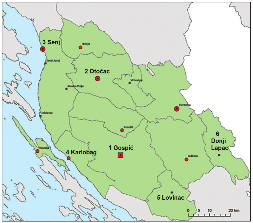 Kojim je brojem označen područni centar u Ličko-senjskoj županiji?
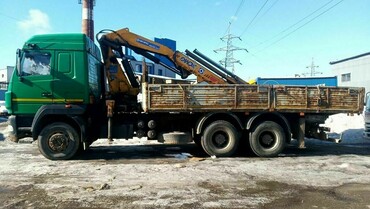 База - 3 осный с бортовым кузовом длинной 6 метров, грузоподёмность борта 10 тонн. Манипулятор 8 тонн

---

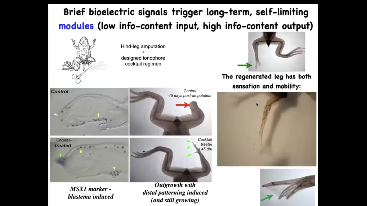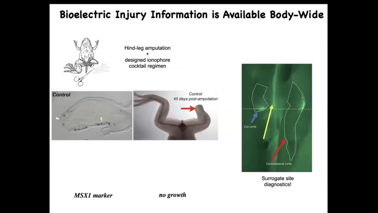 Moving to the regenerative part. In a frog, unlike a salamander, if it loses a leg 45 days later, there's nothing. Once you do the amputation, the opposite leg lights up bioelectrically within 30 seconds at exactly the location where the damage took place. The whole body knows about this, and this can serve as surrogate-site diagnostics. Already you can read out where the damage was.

==

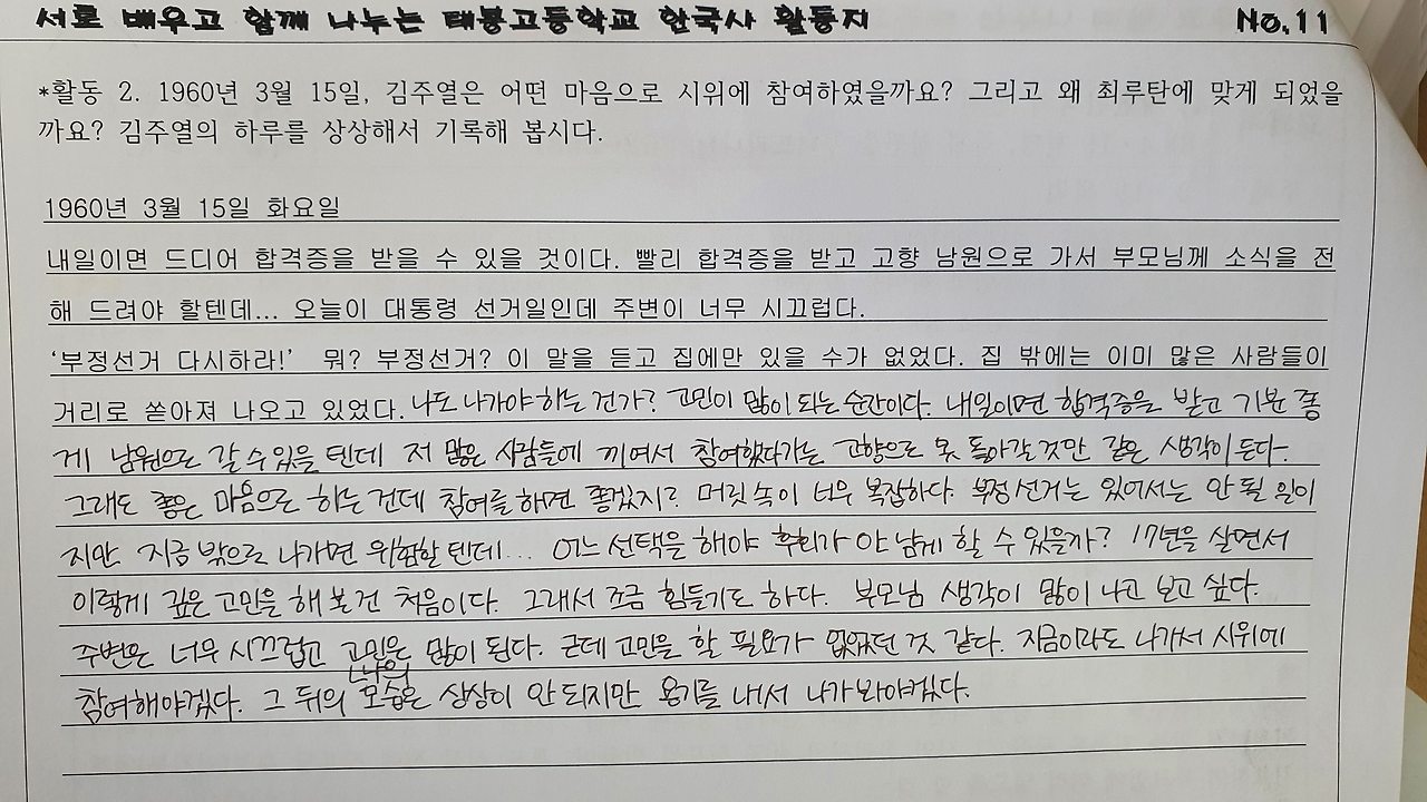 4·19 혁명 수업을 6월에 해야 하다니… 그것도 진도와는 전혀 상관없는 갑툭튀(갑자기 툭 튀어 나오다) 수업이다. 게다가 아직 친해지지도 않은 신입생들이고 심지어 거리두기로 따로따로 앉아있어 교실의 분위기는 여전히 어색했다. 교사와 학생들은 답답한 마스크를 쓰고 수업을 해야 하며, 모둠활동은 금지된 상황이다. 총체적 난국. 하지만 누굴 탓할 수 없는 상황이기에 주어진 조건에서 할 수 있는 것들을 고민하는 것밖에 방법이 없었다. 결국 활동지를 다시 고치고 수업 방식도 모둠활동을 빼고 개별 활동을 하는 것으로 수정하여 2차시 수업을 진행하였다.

**WHAT TO WORK ON:**
Please return the material above only from the line that holds "Kojim je brojem" through the line that holds "База - 3 осный", exactly as it stands, ends included and pictures omitted.

**TASK SOLUTION:**
 Kojim je brojem označen područni centar u Ličko-senjskoj županiji?
 База - 3 осный с бортовым кузовом длинной 6 метров, грузоподёмность борта 10 тонн. Манипулятор 8 тонн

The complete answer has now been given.